Se unió a nosotros con un vínculo eterno

Juan Pablo segundo
San Juan Pablo II, homilía en la Solemnidad del Sagrado Corazón de Jesús en el policlínico Gemeli(Roma)

Toda la Iglesia se reúne hoy, al celebrar el Sagrado Corazón de Jesús, como animada por el deseo de obedecer a las palabras del profeta Isaías: «Sacaréis agua con alegría de las fuentes de la salvación» y «dad gracias al Señor e invocad Su Nombre, proclamad sus obras entre los pueblos» (Is 12,3-4).

Estamos reunidos en esta Celebración Eucarística para saciar nuestra sed con el Sagrado Corazón y para proclamar la obra de nuestra Salvación, contenida en este Corazón. En verdad, el corazón humano, cuya imagen es de por sí símbolo de amor, en Cristo se ha hecho el compendio real del Amor de Dios por los hombres. Amor que, frente a la indiferencia de Israel, llega a decir: «Mi corazón se conmueve dentro de mí y se enciende toda mi ternura» (Os 11,8); Amor que supera toda nuestra capacidad de bien y de comprensión, hasta llegar a afirmar frente al rechazo: «No desfogaré el ardor de mi ira […] porque soy Dios y no hombre« (Os 11,9).

El Corazón de Cristo, no obstante, no sólo «simboliza«, como una metáfora el Amor de Dios, sino que es su concreta y perfecta realización, la Presencia misma, viva y vivificadora. La Iglesia no celebra un amor genérico e indefinido, ni solamente alaba las obras que Dios ha realizado por nosotros, como si fueran un recuerdo lejano del cual nos beneficiamos, y menos aún promueve un malentendido sentimentalismo, al cual cierta cultura laicista quisiera reducir el precioso sentido de la devoción cristiana. La Iglesia, más bien, adora el Sagrado Corazón. Adora el Corazón de la Santísima Humanidad de Jesús, que hipostáticamente unido a la Persona del Verbo divino, es destinatario «legítimo» del culto de latría.
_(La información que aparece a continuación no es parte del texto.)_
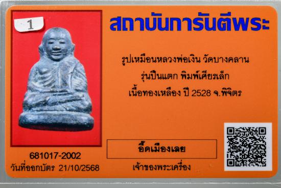 คัดสวย พระรูปหล่อโบราณ หลวงพ่อเงิน วัดบางคลาน รุ่นปืนแตก พิมพ์เศียรเล็ก เนื้อเก่า พ.ศ.2528 พร้อมบัตรรับรอง |

Delante del Corazón de Jesús, por tanto, la Iglesia dobla sus rodillas y en Él contempla al Dios-con-nosotros, el cual, no contento con llamar y educar a los hombres por medio de la voz de los profetas, Él mismo se ha hecho «hombre» en el seno de María, nos ha amado con un amor todo divino y todo humano, y ha tomado sobre sí nuestro pecado, derramando a cambio toda su Sangre.

La Iglesia, además, adora y contempla el Sagrado Corazón de Jesús como su propio Corazón, puesto que Ella, con Cristo –como diría Santo Tomás- forma una Mystica Persona. En efecto, en virtud del Bautismo y de la Confirmación, al Corazón de Cristo está íntimamente unido todo cristiano, llamado así a conformar el propio corazón a este Principio de Amor que arde en Él y que, con la oración y la recepción de los sacramentos, con la escucha de la palabra de Verdad y las buenas obras, que Dios nos da para que las hagamos, llegará a impregnar, purificar e iluminar siempre más toda su persona.

De manera muy especial, todos los sacerdotes están unidos al Sacratísimo Corazón de Jesús. Ellos, como gustaba decir al Santo Cura de Ars, son «partícipes del Amor del Corazón de Jesús», puesto que es su Amor Sacerdotal el que ellos hacen presente, sobre todo con la celebración eucarística y administrando la Misericordia infinita, que desborda de este Corazón.

Profundizando siempre más en la intimidad con Cristo, ellos son llamados a querer lo que Él quiere, a tener sus mismos sentimientos, su misma caridad pastoral, llegando a sufrir sinceramente por la falta de correspondencia de los hombres al Amor, a interceder incesantemente por ellos y a ofrecer la propia vida en un acto de continua reparación.

Por esta razón, la Iglesia Universal coloca en esta Solemnidad la Jornada Mundial de Oración por la santificación del Clero, consciente de que, rezando por la santidad de sus sacerdotes, Ella obtendrá frutos de santidad también para todos los fieles, que reciben de las manos y de los labios de los ministros sagrados los medios indispensables de salvación, la verdad evangélica, el mismo Cristo Señor.

Recemos, pues, con fe sincera, sabiendo que nos precede y acompaña Aquella que es la Estrella de la Mañana, la que ha adelantado al Sol que saldría de su seno Purísimo y que ahora espera, como nuestra verdadera Madre, nuestro nacer con Cristo a la Vida eterna. Su Corazón Inmaculado interceda incesantemente por nosotros, ahora y en la hora de nuestra muerte. Amén.